Folha de S. Paulo


Vaidade com desculpa social

Toda hora conheço um fotógrafo ou fotógrafa fazendo um trabalho "artístico social" com mulheres nuas. São jovens com peitinhos empinados, mulheres maduras "digo que é em forma de gota, mas a verdade é que já teve seu auge" (tipo eu), famosas, amigas desconhecidas de amigas desconhecidas, gordinhas, modelos. Todas lindas. Nada é mais bonito do que uma mulher nua.

Não fui muito a fundo, não pesquisei, mas parece que tem um movimento "free peitinhos" no Instagram. Eu sei, tem esse movimento no mundo todo, associado a uma infinidade de coisas. De liberdade pra amamentar bebês nas ruas a melhorias salariais para aposentados. De "chega de violência contra a mulher" a "Israel nunca mais pode ouvir um bom show". Ainda que eu concorde com alguns manifestos, peito de fora virou, há muito tempo e mesmo quando caído, a cordinha do hasteamento pra qualquer que seja a nossa bandeira da semana. Mas, como dizia Freud a respeito do charuto, não seria uma teta, às vezes, apenas uma teta? "Apenas", nesse caso, suficientemente desprendido de motivos "USP" pra poder executar apenas a beleza da volúpia? Não seria mais libertário e muito mais feminista assumir, quando for o caso, o poder descomunal e o prazer anarquista que nos dá abraçar a vaidade?

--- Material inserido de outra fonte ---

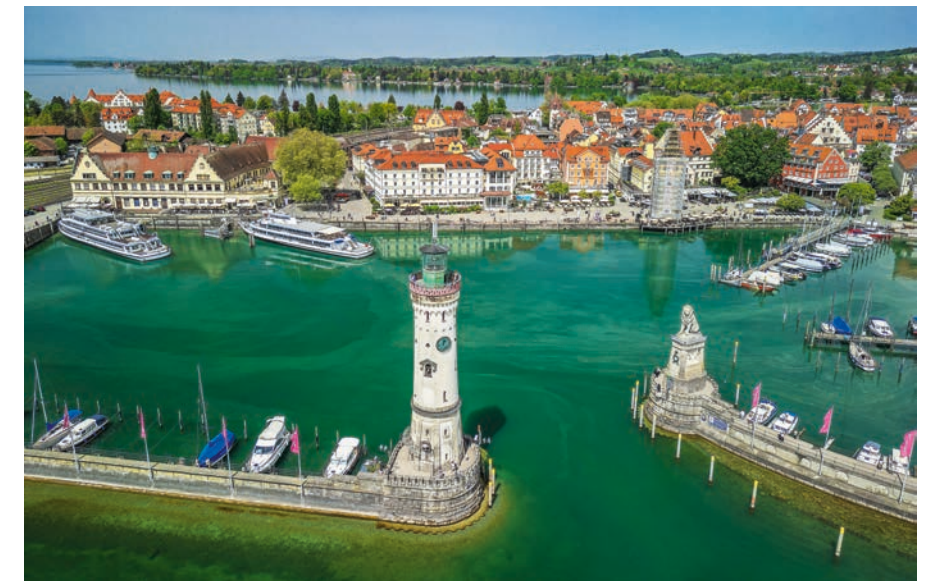
Bild oben Mitte | Stille genießen im Eglofstal. Bild oben | Am Bodensee in Lindau ist der offizielle Startpunkt der Tour.

wir haben noch einen tollen Abschlussstag vor uns. Ein erster Höhepunkt wird der Weg durch die Filzen bei Gaißach. So schöne Blicke! Der zweite Höhepunkt wird der Kirschkuchen vom Cafe Wagner in Gmund am Tegernsee. Das dritte Highlight werden die Kindheitsbilder in meinem Kopf sein, wenn wir am Schliersee vorbeiradeln. Und der letzte Höhepunkt wird der Moment sein, wenn wir in Niklasreuth die lange Abfahrt beginnen und bald der Blick auf den heimatlichen Kirchturm frei wird. Angekommen! ◀
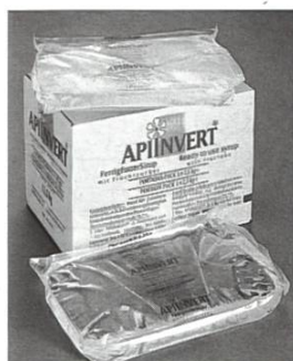
Sachet en plastique de 2.5 kg
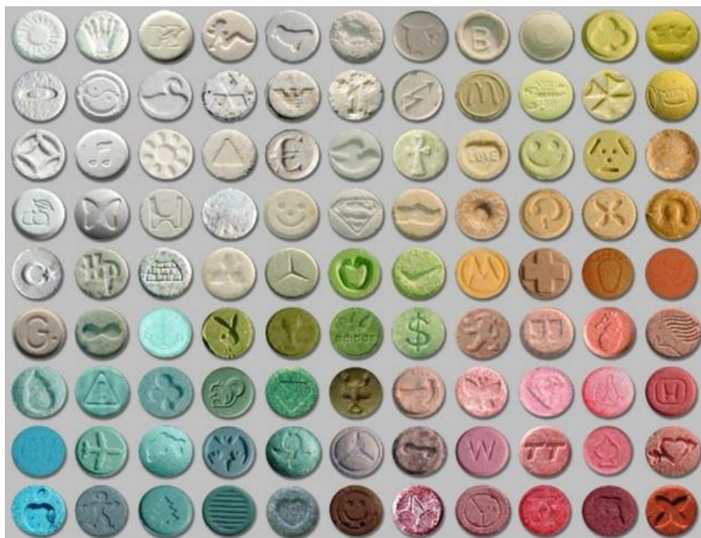
Slika 5. Metilendioksimetamfetamin (MDMA). Preuzeto: (13).

U nekoliko je studija dokazano da do 99% korisnika doflivi suho u usta u vrijeme kori-tenja ecstasyjem . Kserostomija traje do 48 sati nakon uzimanja tableta, a rizik od akutne kserostomije povezan je sa doziranjem. Suho a grla tako er je povezana s konzumiranjem ectasyja . Pove an unos –e era kroz pi a (zbog dehidracije i hipertermije) pove ava incidenciju karijesa i erozija. Povra anje i mu nina pojavljuju se kod nekih korisnika, –to tako er pove ava sklonosti eroziji cakline. Bruksizam je tako er redovita pojava u korisnika ecstasyja , popra en smanjenom vertikalnom dimenzijom krune (okluzalno), te temporomandibularnim poreme ajima. Najve a je trauma vidljiva na donjim molarima. U ovakvih osoba katkad se vide oralne ulceracije, edemi, nekrotiziraju i gingivitisi, osjetljivi i pomi ni zubi, te ugrizi na usnicama, jeziku ili obrazima.

Por que boa parte das mulheres que posa nua precisa dizer que foi pra ajudar a família passando fome no interior do Amapá? Por que precisa ser associado a uma grande preocupação com o povo curdo? Por que não podemos assumir que nosso corpo causa comoções potentes e que, quando positivo, esse prestígio nos eleva de uma maneira espetacular? Sim, podemos usar tudo isso pra chamar a atenção pra 768 mazelas sociais, e eu respeito e admiro esse trabalho. Mas, e quando for apenas narcisismo, qual o problema com ele? Por que a autotesura causa tanto pavor às mulheres pretensamente inteligentes? Sim, todos somos contra machismo, estupro, humilhação, xingamentos, falta de respeito. Mas isso é pra ser tratado como doença de quem "responde dessa forma" e não como malfeito de quem estava tranquila exercendo seu momento licencioso.

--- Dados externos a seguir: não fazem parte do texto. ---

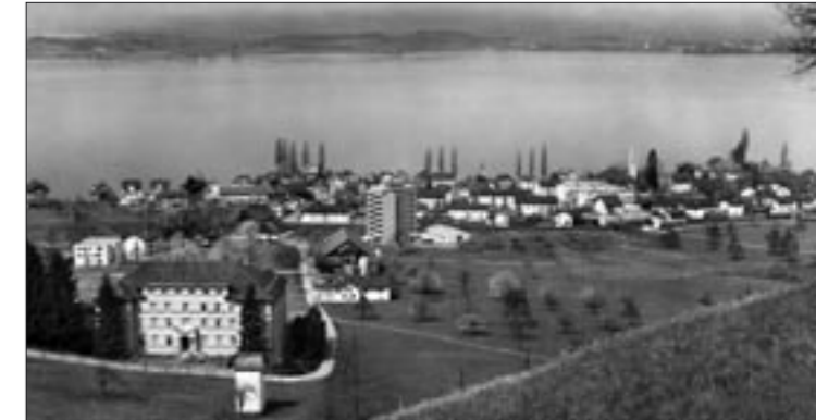
Perspektiven, die manche Veränderung der letzten Jahre aufzeigen – insbesondere bei der Klinik und im Dorf das Alterszentrum Mülimatt
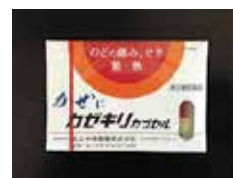
総合感冒薬 カゼキリカプセル
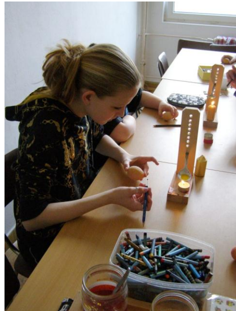
Projektový den „Velikonoční tradice“
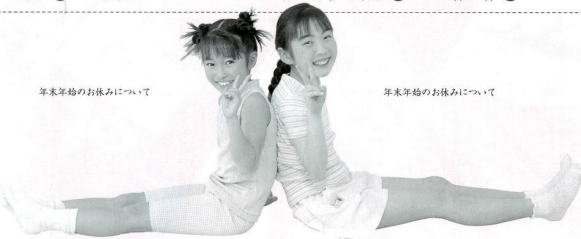
年末年始のお休みについて
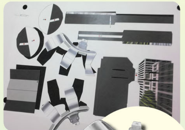
ちょっと変わった円弧が ある形も大丈夫です。
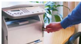
Migliore condivisione informatica grazie alla porta USB aggiuntiva
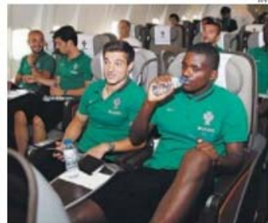
Depois de curta viagem de avião de Tbilissi, na Geórgia, até Erevan, na Arménia, os jogadores portugueses foram cumprimentados por uns mais validos por outros
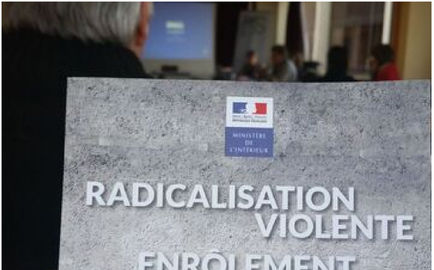
La Cour des comptes étrille la gestion du Comité de prévention de la radicalisation
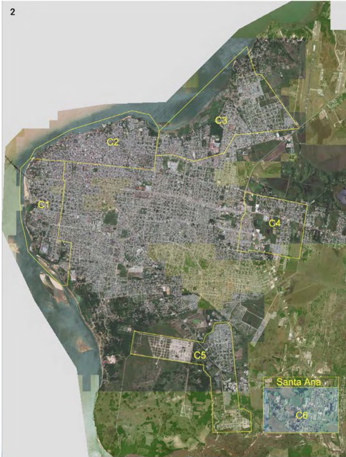
Figuras 1 y 2. Áreas asignadas (AA) para prácticos en el Gran Corrientes y el Gran Resistencia.

Todas estas áreas asignadas para desarrollar el trabajo práctico están caracterizadas por presentar algún tipo de situaciones urbano-ambientales vinculadas con el agua.

Eu adoro sair do banho pelada e andar pela casa. Sim, eu sei que meu apartamento é rodeado de janelas grandes. Não, eu não faço isso porque quero ajudar o senhor meu pai, que mora numa casinha na Vila Carrão, e muito menos porque quero chamar a atenção das pessoas para a questão dos clitóris cortados no sul da Ásia. Não que eu não ame papai e não fique triste com a selvageria que mulheres sofrem pelos quatro cantos desse mundo, mas naquela hora específica em que caminho pelada pela sala estou apenas flertando solitária e embebida em gabo com meu corpo. Por que eu preciso do perdão e da desculpa da causa social pra sentir isso?

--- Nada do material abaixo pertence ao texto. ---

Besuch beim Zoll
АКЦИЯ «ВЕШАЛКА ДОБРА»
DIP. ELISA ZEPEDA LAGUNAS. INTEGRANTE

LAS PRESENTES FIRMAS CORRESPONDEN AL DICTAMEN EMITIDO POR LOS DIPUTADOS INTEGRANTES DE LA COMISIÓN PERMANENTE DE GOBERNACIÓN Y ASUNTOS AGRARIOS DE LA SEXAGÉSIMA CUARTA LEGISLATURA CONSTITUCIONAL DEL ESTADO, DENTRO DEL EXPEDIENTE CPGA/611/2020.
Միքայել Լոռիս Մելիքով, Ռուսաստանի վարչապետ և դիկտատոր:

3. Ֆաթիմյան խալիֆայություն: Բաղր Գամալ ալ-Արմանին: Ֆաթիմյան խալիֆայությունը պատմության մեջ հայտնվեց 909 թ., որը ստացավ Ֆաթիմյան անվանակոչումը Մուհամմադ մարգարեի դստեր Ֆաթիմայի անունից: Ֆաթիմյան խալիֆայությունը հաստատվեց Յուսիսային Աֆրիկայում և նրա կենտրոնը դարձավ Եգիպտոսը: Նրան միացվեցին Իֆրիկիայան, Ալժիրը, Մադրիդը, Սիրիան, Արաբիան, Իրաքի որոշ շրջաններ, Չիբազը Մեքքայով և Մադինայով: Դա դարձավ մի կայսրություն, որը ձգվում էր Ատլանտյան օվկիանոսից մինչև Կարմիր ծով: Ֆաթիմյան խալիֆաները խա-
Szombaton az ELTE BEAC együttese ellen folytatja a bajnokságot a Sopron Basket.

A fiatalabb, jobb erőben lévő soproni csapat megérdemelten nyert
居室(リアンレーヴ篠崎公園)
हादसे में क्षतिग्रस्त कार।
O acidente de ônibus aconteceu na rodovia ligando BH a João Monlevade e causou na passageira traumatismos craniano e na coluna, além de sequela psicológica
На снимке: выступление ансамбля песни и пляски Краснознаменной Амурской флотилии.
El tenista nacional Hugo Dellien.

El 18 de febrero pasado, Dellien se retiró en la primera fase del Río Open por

Voltando ao Instagram. Se homem pode, mulher tem que poder também. Claro! Algumas dessas moças censuradas colam fotos de mamilos em cima dos próprios mamilos. Excelente exemplo de feministas geniais e bem humoradas. Temos razão quando brigamos pro nosso "peito" ter a mesma liberdade do torso masculino. Mas não temos razão ao dizer que é a mesma coisa. Querer o mesmo respeito e espaço é diferente de ser igual, e é aí que tem um furo em alguns discursos. O que um belo par de tetas femininas causa, inclusive em mim, é bem diferente do que causa um tiozinho sem camisa na Paulista. Mesmo que ele seja um Ford Models italiano com pegada árabe nos cílios. Talvez eu poste um peitinho um dia, mas meu manifesto seria assim: 20% free peitinhos causa social, 80% tava precisando me achar gata porque tá puxada essa sexta-feira.